Schmidt: Kommissionsüberlegungen zur GAP-Reform „wertvolle Impulse“

Als „wertvolle Impulse“ für die Diskussionen auf europäischer und nationaler Ebene hat Bundeslandwirtschaftsminister Christian Schmidt die Überlegungen der EU-Kommission zur Reform der Gemeinsamen Agrarpolitik (GAP) gewertet. Die Kommission spreche viele Punkte an, die er bereits in dem Grünbuch Ernährung, Landwirtschaft und ländliche Räume als Kernpunkte der künftigen EU-Agrarpolitik genannt habe, stellte Schmidt fest.

Der CSU-Politiker erklärte, er begrüße es sehr, dass die Kommission den Mehrwert der GAP - bei der Sicherung der Ernährung, beim Umwelt- und Naturschutz, bei der Einkommenssicherung und der ländlichen Entwicklung, aber auch bei Klimaschutz, Bioökonomie, gesunder Ernährung und Migration - in den Mittelpunkt stelle. Damit die Landwirtschaft und die ländlichen Räume die vielfältigen Aufgaben meistern könnten, „brauchen wir eine starke und finanziell gut ausgestattete GAP“, betonte Schmidt.

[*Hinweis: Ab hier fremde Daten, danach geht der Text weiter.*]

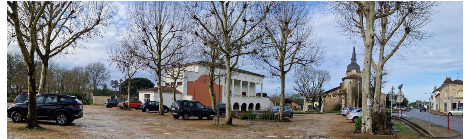
Place du marché, un espace public fédérateur à requalifier

Dans ce contexte, l'équipe d'Urban ID assiste les élus pour définir les grandes actions à engager dans les 15 ans à venir, à les hiérarchiser et les chiffrer pour les planifier dans le temps et mobiliser les partenaires. Des temps de concertation permettent de recueillir l'avis, le ressenti et les attentes des habitants : entretiens, ateliers, présentations publiques ponctuent la mission.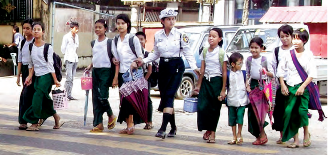
ကျောင်းသူ ကျောင်းသားများ၏ ယာဉ်အန္တရာယ်ကင်းရှင်းရေးအတွက် စောင့်ရှောက်ကူညီပေးသည့် မြန်မာနိုင်ငံရဲတပ်ဖွဲ့ ယာဉ်ထိန်းရဲမေ တစ်ဦးကို တွေ့ရစဉ်။

Begrüßt wurde vom Bundesminister auch, dass die Kommission „den erfolgreichen Weg der Marktorientierung fortsetzen will“. Zu Recht werde auf die Bedeutung des Außenhandels und die Schaffung fairer sowie ausgewogener Marktzugangsbedingungen hingewiesen. Ebenso unterstütze er die Haltung der Kommission, die Zwei-Säulen-Struktur aus Direktzahlungen beizubehalten. Hierbei sei es ihm wichtig, dass ein stärkeres Augenmerk auf die kleinen und mittleren Betriebe gerichtet werde, erklärte Schmidt. Über die Optionen für eine angemessenere Verteilung der Direktzahlungen werde noch zu reden sein.

Dem CSU-Politiker zufolge muss die GAP zukünftig die Leistungen der Landwirtschaft für Umwelt, Biodiversität, Klima und natürliche Ressourcen noch gezielter fördern und stärker honorieren. Die Steigerung des Tierwohls in der EU müsse deutlich mehr als bisher zum Thema der GAP werden. Er unterstütze auch die Kommission bei ihrem Ansatz, die ländlichen Räume stärker in den Fokus der Agrarpolitik zu rücken.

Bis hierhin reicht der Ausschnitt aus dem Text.